In a proof of the Fredholm alternative/Theorem of Riesz-Schauder, I came across the following:
Let $X$ be a Banach space, $T:X \to X$ be a compact operator and $A:=T-I$. We proved that $\mbox{ker}(A)< \infty$ and that there is a closed subspace $V\subset X$ such that $X=V\oplus \mbox{ker}(A)$. Why does it follow that
$X/V \cong \mbox{ker}(A)?$
Thanks in advance!
Best Answer
Consider the linear operators $$i: \ker A \to X: x \mapsto x$$ and $$\pi: X \to X/V: x \mapsto [x].$$ $i$ is the inclusion map and $\pi$ is the projection of $X$ on $V$ and therefore these are continous maps.
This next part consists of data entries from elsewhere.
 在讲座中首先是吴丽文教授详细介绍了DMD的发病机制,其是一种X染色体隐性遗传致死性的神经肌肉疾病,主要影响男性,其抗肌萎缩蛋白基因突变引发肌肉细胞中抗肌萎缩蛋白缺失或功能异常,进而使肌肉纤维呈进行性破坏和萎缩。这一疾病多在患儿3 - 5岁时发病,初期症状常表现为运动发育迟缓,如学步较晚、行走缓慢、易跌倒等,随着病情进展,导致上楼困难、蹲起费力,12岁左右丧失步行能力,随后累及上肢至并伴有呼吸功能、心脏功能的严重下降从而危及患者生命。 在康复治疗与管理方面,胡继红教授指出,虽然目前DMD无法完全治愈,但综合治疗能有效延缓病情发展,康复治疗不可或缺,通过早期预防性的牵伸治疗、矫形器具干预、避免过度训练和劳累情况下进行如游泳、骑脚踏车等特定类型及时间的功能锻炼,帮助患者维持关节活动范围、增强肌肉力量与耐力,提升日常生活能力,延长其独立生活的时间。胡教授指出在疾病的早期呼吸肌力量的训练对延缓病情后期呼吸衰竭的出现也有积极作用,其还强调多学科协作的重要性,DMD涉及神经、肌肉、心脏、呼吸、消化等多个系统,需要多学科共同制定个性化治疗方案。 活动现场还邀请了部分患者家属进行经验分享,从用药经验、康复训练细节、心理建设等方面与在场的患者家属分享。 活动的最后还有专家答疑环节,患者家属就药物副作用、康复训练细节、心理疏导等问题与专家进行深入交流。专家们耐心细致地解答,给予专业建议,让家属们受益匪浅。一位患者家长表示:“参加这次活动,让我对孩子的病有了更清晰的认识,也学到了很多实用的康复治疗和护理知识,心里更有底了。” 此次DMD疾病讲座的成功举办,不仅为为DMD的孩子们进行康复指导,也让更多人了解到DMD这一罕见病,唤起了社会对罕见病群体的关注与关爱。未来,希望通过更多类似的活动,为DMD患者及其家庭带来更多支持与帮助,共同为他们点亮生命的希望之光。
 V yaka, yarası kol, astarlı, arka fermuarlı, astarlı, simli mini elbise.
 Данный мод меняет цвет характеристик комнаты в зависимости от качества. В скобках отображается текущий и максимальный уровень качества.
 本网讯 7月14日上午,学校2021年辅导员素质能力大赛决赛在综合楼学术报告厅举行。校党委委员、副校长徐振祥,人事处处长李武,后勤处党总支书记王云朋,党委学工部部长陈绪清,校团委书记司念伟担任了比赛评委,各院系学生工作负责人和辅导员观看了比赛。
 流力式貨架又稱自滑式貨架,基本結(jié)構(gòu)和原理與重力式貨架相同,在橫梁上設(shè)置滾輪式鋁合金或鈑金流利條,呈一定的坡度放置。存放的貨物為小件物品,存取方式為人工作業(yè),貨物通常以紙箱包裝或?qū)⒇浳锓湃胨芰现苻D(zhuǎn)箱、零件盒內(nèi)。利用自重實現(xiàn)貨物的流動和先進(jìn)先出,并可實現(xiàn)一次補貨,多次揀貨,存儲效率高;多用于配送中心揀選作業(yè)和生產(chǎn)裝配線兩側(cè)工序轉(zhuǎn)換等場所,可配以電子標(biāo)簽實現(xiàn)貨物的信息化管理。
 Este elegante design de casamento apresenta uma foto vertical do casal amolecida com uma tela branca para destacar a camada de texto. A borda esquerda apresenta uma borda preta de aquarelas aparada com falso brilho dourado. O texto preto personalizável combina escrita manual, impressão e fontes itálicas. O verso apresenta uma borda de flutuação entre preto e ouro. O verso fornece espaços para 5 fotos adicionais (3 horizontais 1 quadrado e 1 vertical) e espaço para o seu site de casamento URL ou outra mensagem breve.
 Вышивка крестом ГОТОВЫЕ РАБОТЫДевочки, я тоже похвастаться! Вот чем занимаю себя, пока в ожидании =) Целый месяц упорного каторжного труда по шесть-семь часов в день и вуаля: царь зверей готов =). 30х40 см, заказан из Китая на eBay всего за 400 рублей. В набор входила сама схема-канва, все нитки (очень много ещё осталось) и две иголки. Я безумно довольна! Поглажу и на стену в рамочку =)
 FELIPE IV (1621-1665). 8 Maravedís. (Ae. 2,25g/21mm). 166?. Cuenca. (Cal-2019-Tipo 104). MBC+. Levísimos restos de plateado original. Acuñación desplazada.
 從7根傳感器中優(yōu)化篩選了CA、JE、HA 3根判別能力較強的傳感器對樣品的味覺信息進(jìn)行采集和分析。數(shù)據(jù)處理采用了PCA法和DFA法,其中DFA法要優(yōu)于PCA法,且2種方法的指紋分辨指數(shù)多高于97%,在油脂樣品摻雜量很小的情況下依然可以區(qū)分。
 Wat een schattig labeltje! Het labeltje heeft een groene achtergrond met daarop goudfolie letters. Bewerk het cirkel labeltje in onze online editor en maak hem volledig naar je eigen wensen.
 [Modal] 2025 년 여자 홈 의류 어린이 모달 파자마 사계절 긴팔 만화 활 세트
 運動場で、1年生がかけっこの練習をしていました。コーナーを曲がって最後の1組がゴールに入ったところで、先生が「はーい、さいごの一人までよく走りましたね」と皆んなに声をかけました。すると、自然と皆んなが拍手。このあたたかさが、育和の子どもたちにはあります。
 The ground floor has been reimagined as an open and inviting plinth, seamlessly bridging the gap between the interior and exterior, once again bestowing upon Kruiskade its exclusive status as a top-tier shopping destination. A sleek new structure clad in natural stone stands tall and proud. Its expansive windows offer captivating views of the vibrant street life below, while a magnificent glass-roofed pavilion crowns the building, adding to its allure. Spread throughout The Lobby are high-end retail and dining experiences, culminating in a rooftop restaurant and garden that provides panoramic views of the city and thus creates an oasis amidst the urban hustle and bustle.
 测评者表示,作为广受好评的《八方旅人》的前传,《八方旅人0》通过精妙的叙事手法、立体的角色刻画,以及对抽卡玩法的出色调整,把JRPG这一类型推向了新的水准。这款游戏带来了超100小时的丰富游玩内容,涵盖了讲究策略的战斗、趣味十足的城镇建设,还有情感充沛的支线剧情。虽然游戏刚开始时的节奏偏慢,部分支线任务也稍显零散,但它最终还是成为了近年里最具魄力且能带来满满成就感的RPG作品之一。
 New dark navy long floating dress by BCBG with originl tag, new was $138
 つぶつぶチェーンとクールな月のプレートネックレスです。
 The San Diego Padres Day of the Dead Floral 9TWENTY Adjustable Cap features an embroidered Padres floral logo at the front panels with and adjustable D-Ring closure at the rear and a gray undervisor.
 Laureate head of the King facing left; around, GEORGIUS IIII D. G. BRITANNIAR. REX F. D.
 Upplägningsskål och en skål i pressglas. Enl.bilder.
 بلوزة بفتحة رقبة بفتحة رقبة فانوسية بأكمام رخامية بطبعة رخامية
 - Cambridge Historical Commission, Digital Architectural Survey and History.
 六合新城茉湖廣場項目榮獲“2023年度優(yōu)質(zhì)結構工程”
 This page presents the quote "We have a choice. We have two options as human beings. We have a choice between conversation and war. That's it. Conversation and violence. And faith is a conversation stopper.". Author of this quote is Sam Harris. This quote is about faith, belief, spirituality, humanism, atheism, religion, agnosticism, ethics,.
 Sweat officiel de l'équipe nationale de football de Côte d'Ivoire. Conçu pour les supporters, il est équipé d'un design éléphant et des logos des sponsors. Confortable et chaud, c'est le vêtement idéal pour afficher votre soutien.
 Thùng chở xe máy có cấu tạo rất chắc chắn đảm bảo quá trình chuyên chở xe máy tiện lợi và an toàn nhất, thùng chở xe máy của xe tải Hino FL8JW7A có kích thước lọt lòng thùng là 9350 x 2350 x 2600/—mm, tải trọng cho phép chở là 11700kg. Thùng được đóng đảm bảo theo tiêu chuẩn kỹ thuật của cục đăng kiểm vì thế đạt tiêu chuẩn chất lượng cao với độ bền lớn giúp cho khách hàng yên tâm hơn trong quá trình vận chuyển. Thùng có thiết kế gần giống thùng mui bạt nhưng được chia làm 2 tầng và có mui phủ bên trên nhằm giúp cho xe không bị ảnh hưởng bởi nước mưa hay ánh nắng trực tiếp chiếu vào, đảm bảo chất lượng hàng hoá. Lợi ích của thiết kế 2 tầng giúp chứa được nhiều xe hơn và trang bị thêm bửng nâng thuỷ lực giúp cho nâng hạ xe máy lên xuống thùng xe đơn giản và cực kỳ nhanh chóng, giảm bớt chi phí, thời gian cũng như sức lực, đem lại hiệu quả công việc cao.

Furthermore $y \in \ker \pi$ iff $y \in V$ and equivalent $y \notin \ker A$ as by assumption $X = \ker A \oplus V$.
The composition $\Phi := \pi \circ i$ is the isomorphism you are looking for: Let $x \in \ker \Phi$. Then $\pi (ix) = [0]$ and therefore $ix \in V$. Since $X = \ker A \oplus V$ this means $x = 0$ and hence $\Phi$ is injective.
It is also surjective. Let $[x] \in X/V$. If $[x] = [0]$ then $\Phi(0) = [x]$. If $[x] \neq [0]$ then $x \notin V$ and therefore $x \in \ker A$ and $\Phi(x) = [x]$.